Quiçá sua adesão e identificação com a via da ação se encontra na origem dessa sua convicção na possibilidade restauradora da sacralidade perdida. A ação abre as portas à essa possibilidade. Ou quiçá devemos apresentar a direcionalidade dessa causa-efeito em sentido inverso e pensar, assim, que pudesse ser que seu convencimento na viabilidade dessa possibilidade reintegradora da unidade perdida seja a razão pela qual optou pela via da ação frente à via contemplativa e que dita escolha a exercera ao convencer-se de que essa era a única via possível para aspirar ao retorno da Tradição.

Parece que a primeira proposição é a correta, já que em sua autobibliografia (mais que autobiografia) intitulada "O Caminho do Cinábrio" o grande intérprete italiano da Tradição afirmava que desde tenra idade a identificação com a ação (junto a sua vocação pelo Transcendente) constituiu parte de sua "equação pessoal".

Sem dúvida é essa tendência quase, diríamos, inata pela via do kshatriya a que outorga a Evola esse plus que lhe coloca acima da maioria dos autores Tradicionalistas à hora de mostrar essa clarividência pelo convencimento de que é possível, ainda em períodos de máxima involução, recuperar a sacralidade perdida. Ninguém como nosso autor romano acreditou nos Ciclos Heróicos.

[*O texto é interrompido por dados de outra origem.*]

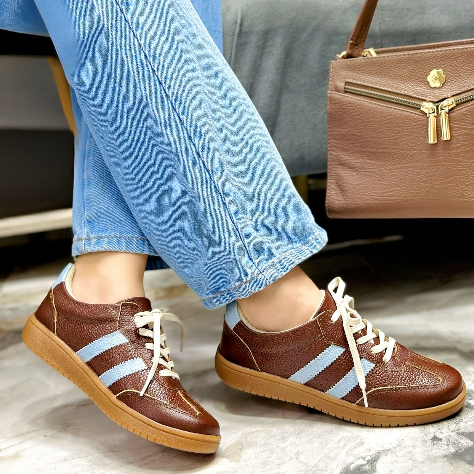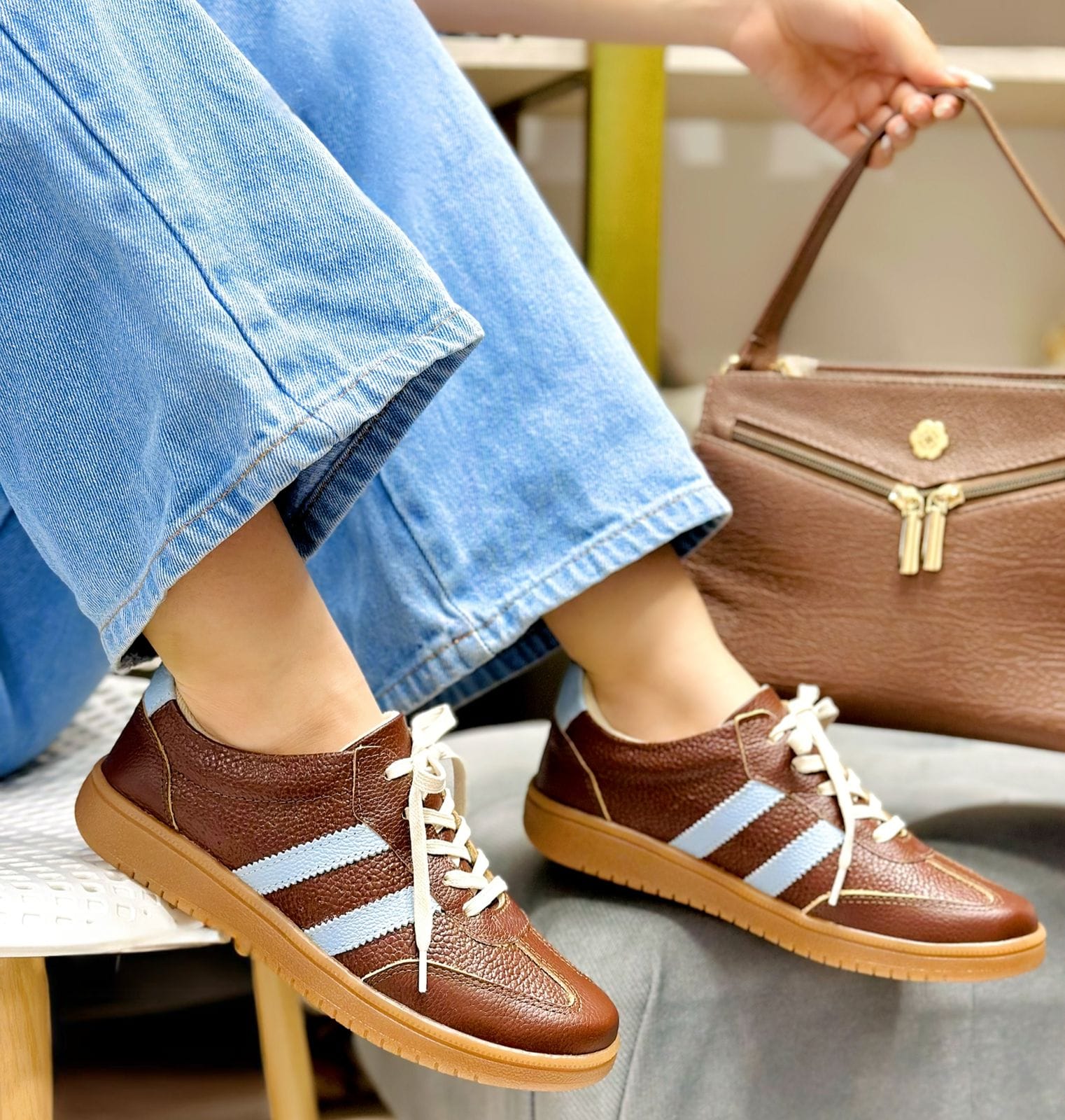 Los tenis Amanda en cuero Avellana combinan con lineas a los lados en color celeste estilo y comodidad en un diseño casual perfecto para el día a día. Con detalles en suela en color café, son ideales para quienes buscan un calzado versátil, duradero y con un toque moderno y fresco.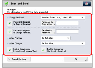 You can encrypt PDF files by setting a password. Only users who enter the correct password can open, print, or change the PDF. To use this function, the Universal Send Security Feature Set is required.
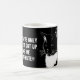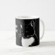 I have only just got up, give me a minute!! Cat illustration white on black mug design.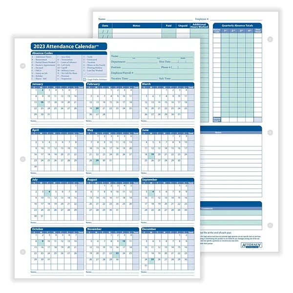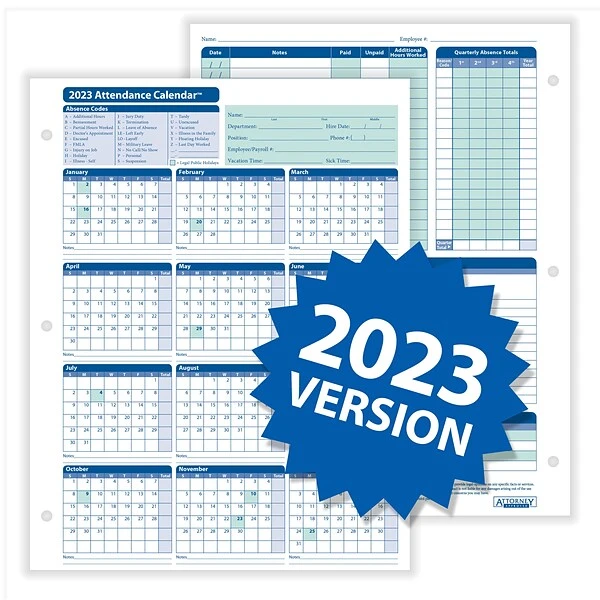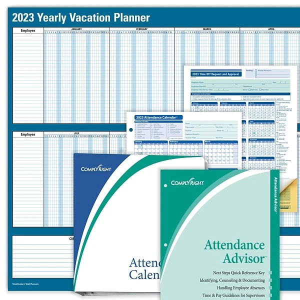 - Attendance tracking kit: 50 two-part time-off request and approval forms (A0030), 25 8.5″ x 11″ white attendance calendar kit (A1411W16PK25), 36″ x 24″ yearly vacation planner (J1712)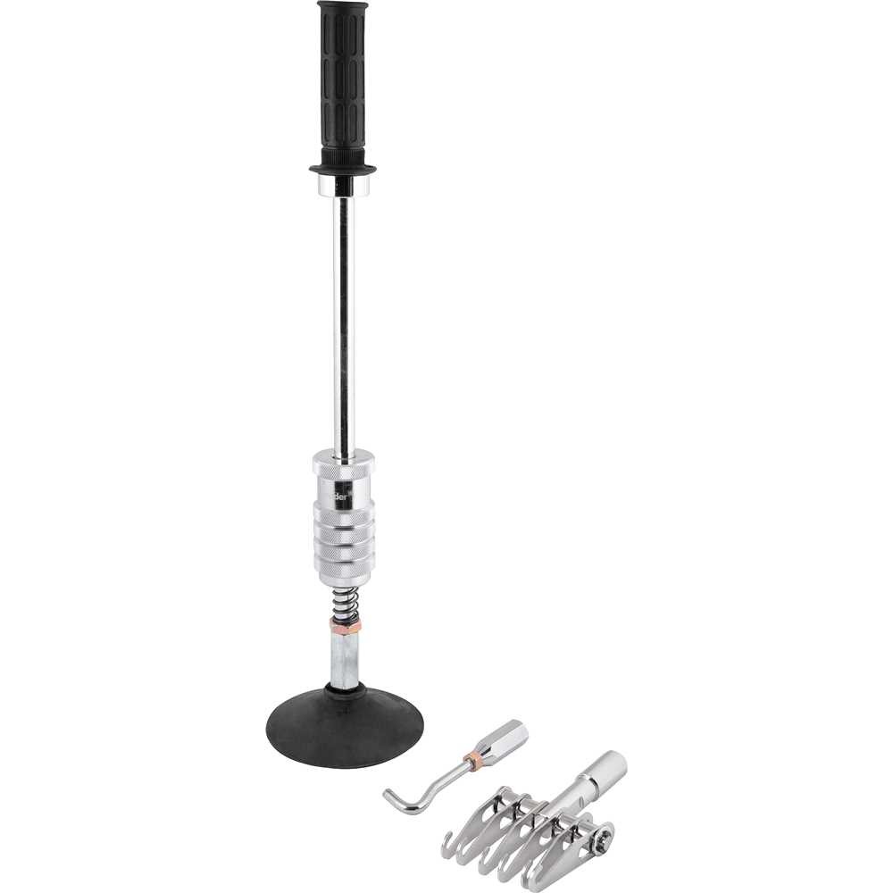 Repuxadeira manual para martelinho de ouro, VONDER Possui batedor com mola que auxilia no trabalho, diminuindo o esforço do operador. Indicada para uso em martelinho de ouro, para desamassar latarias. Especificações Técnicas: Material (tipo/composição): Metálico Força de tração: 5 kgf Diâmetro da ventosa: 125 mm Comprimento total: 550 mm Diâmetro do batedor: 47 mm Diâmetro do corpo do repuxador: 15 mm Diâmetro do punho: 31 mm Massa aproximada (peso) (kg): 2,2 kg Conteúdo Da Embalagem: 1 Repuxadeira. Acompanha: 1 ventosa Ø 125 mm e 2 garras para repuxo.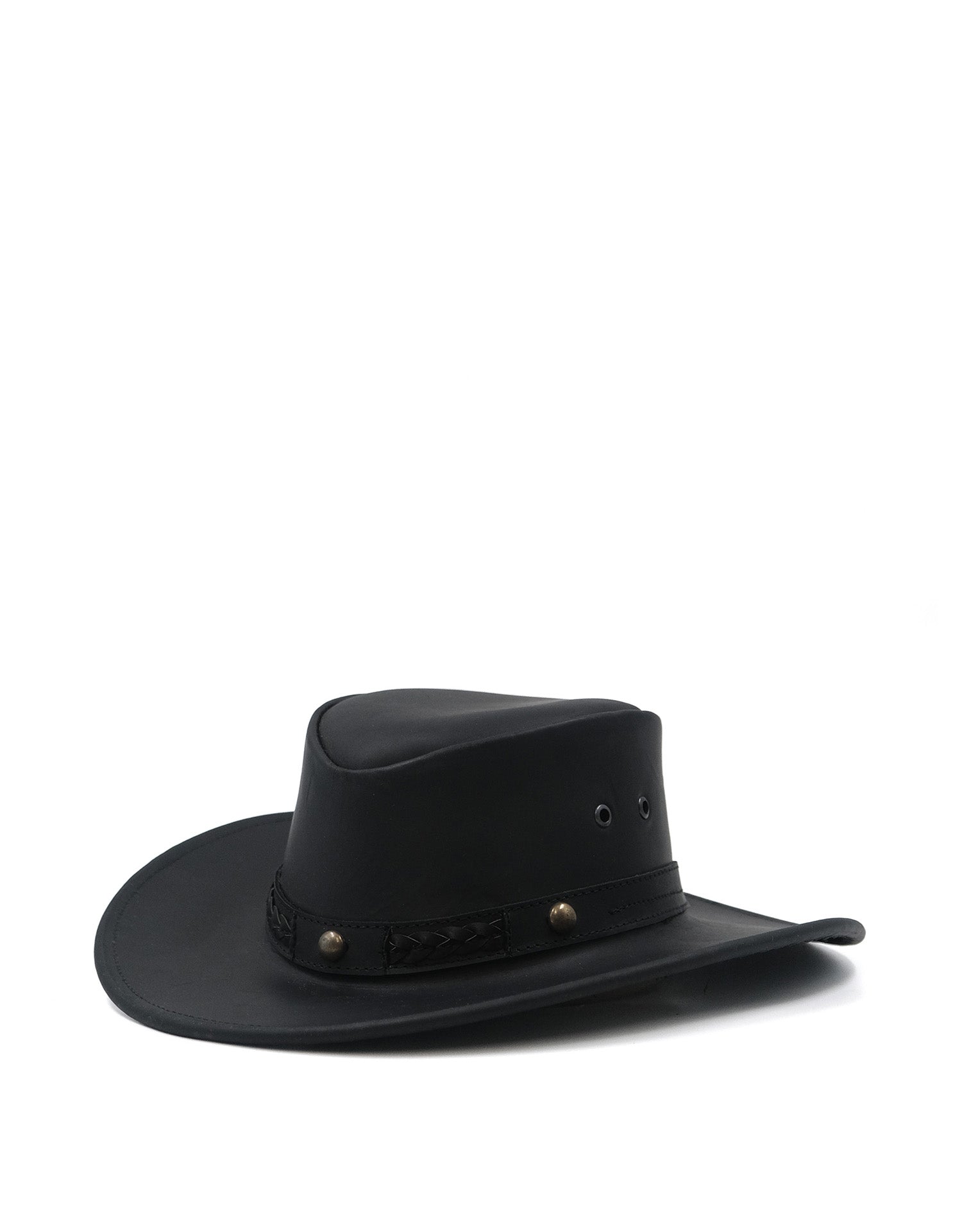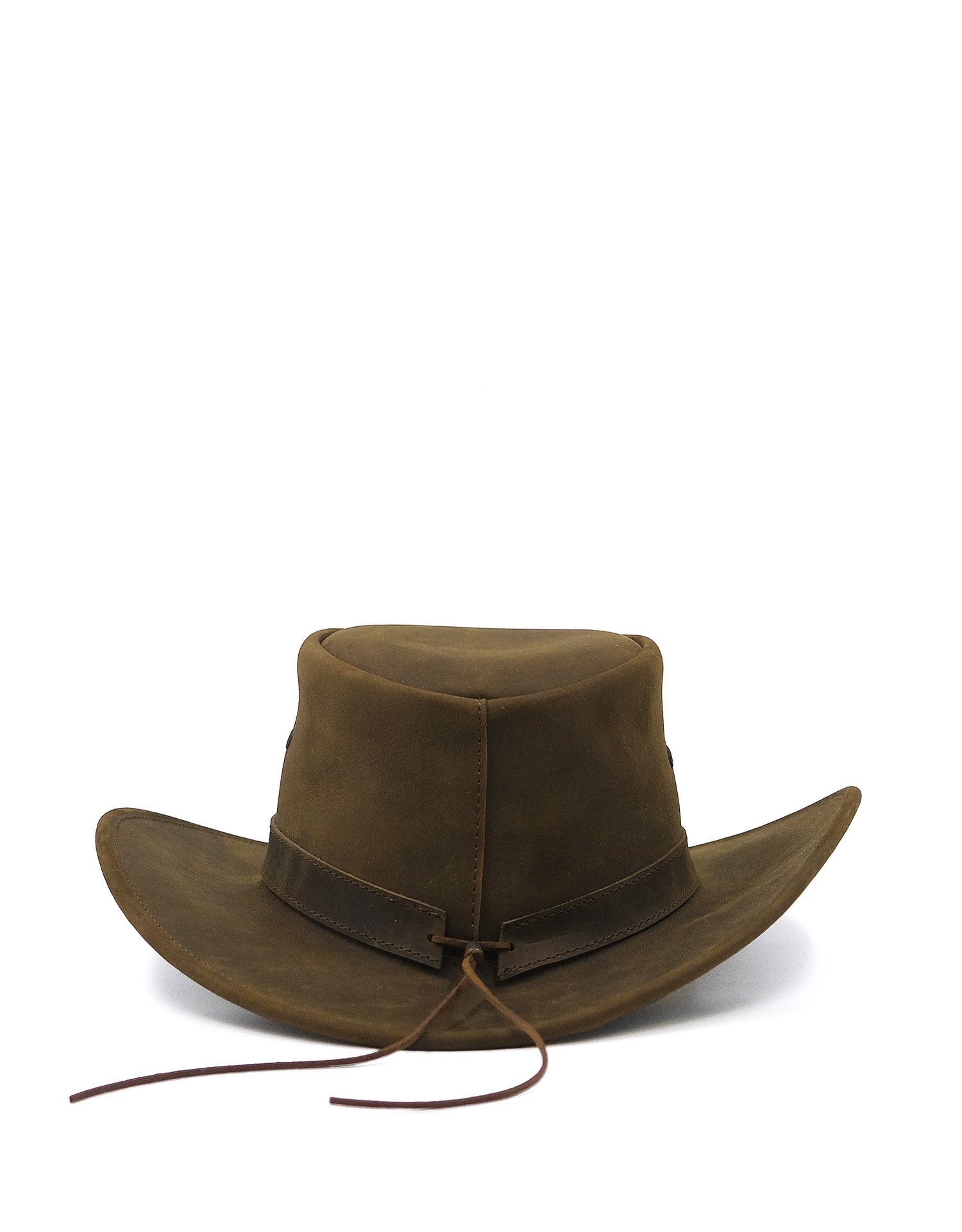 Sombrero australiano de piel genuina café. Accesorio que combina estilo y funcionalidad. Durabilidad y acabado elegante.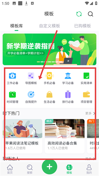 1、选择模板功能:官方模板库已经嵌入到笔记编辑器中,可以在模板库中选择一个模板,使用起来非常方便,只需创建一个新的笔记。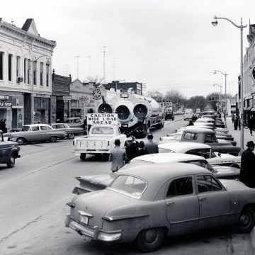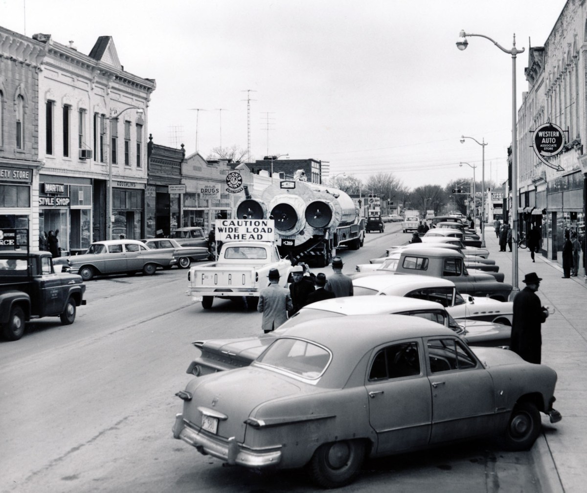 This 1961 view of an Atlas missile passing through Osage City, Kansas is one of the many photos Dave Mathias took of missiles being transported and installed in the launchers near Forbes AFB.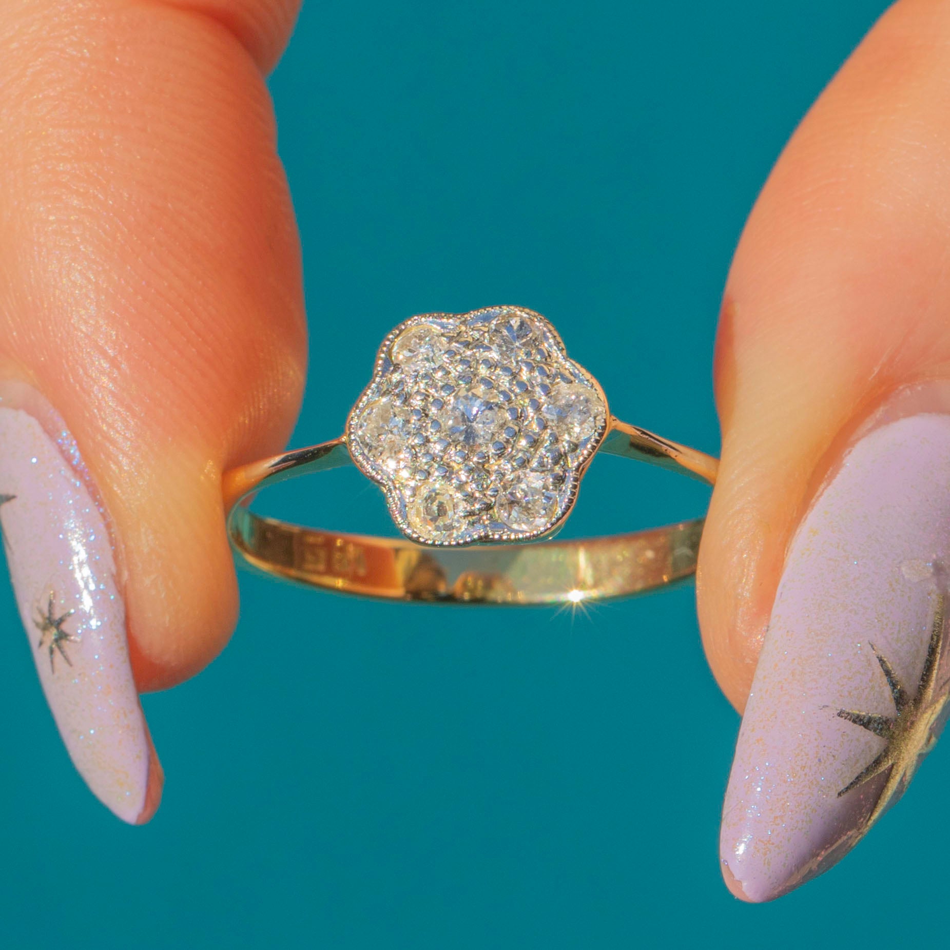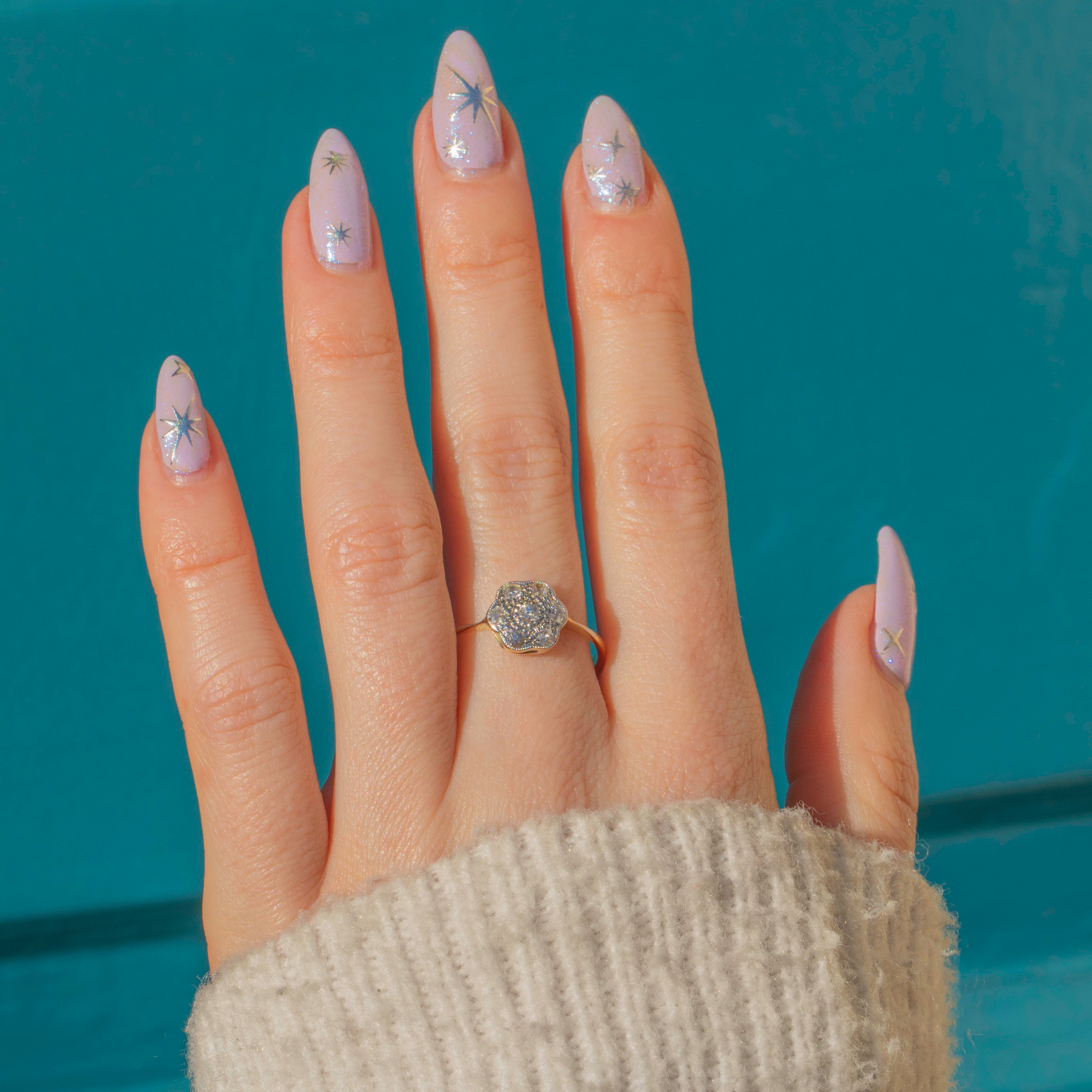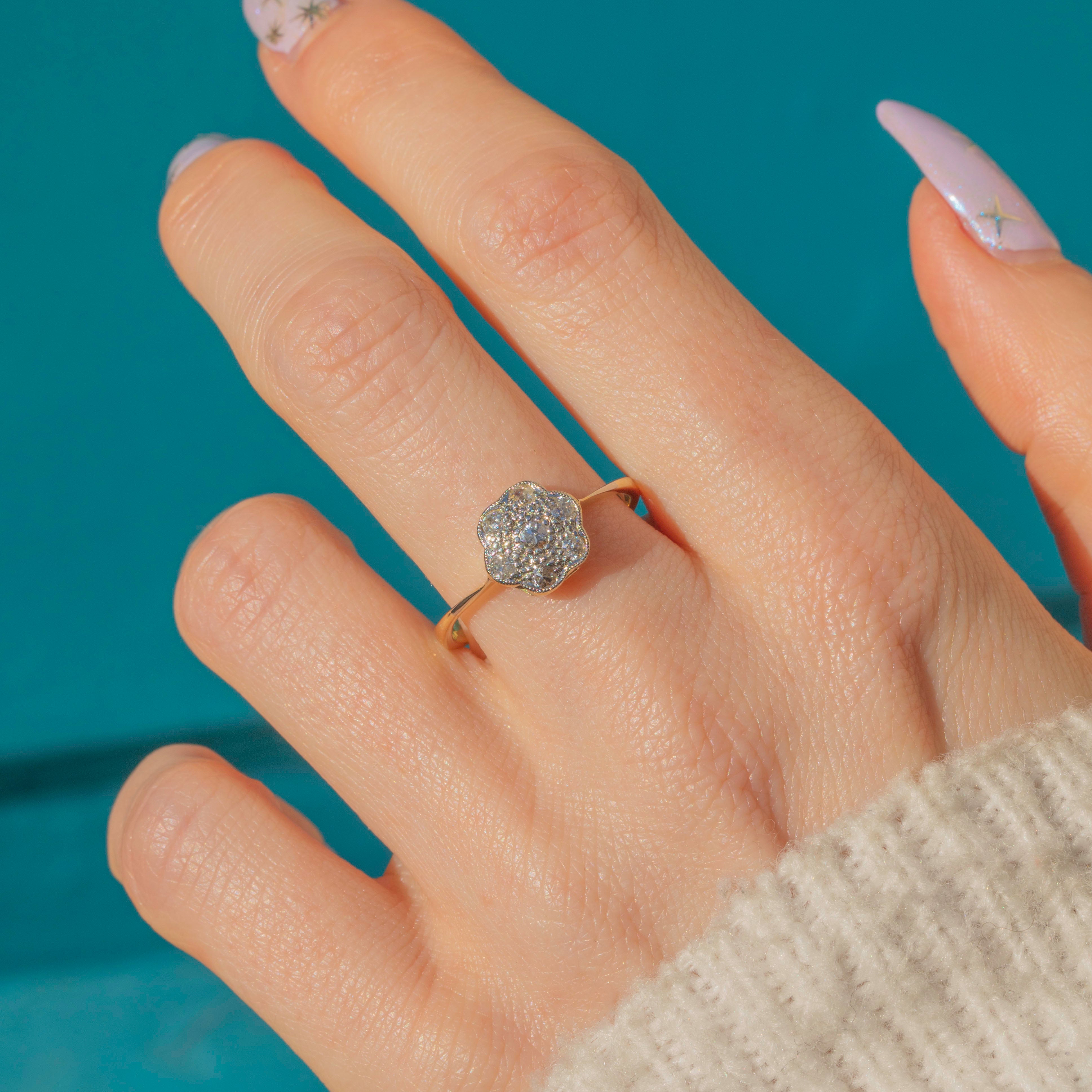 A gorgeous Art Deco 18ct Gold Diamond daisy cluster ring! This Art Deco delight has been crafted from solid 18ct yellow Gold and showcases a feminine daisy cluster of Diamonds set in Platinum.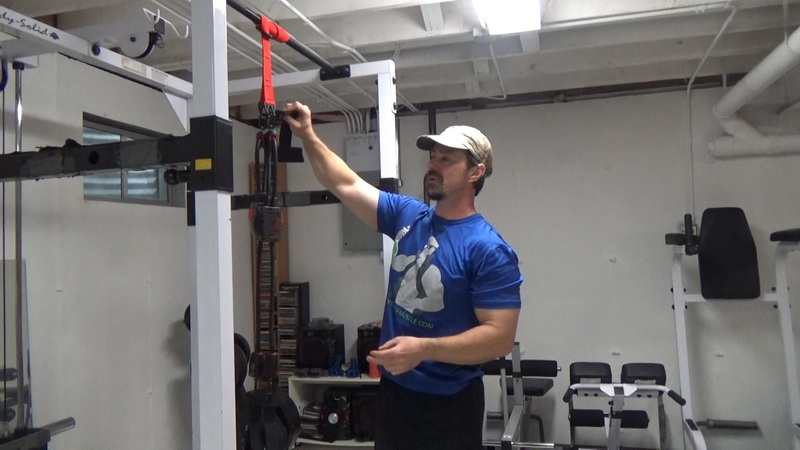 You can very easily adjust tension using the small red button on the edge of the plastic piece (you can see it by my left shoulder in the picture below). Just hold down the button and pull or push that thing up or down to shorten or lengthen the bands. This makes adjusting resistance VERY easy and fast (it's the best system I've seen for doing it, to be honest...standing closer or further to adjust how much a band is stretched can only do so much in terms of adjusting resistance).

Ninguém como o grande Tradicionalista romano defendeu o princípio da Liberdade do Homem. O Homem Reintegrado não é escravo diante de nada. Não é escravo de si mesmo: não é um títere manejado caprichosamente por suas paixões, pulsões, instintos inferiores ou por seus sentimentos engordados. Não está sujeito irremediavelmente a suas circunstâncias. Não se encontra determinado nem por supostas dinâmicas históricas (o determinismo característico do historicismo, baseado no materialismo dialético, que postula que a história se faz por si mesma: tese + antítese = tese; ou, o que é o mesmo, igual a mudanças históricas) nem se encontra mediatizado por condicionanetes sociais nem por qualquer tipo de deus onipotente que faça e desfaça por capricho sem a possibilidade de que se possa traçar seu próprio rumo e sem que o ser humano possa chegar a ser tratado como algo mais do que uma simples criaturazinha que não possa albergar em seu seio a semente da eternidade senão que tenha que resignar-se bovinamente a se prostrar de modo devocional perante seu "criador". O Homem Superior não se encontra tampouco cerceado em suas potencialidades por nenhuma espécie de determinismo ambiental-educativo. Nem tampouco por outros de ordem cósmica na forma de um "Destino" cuja fatalidade o tenha irremissivelmente programado de antemão.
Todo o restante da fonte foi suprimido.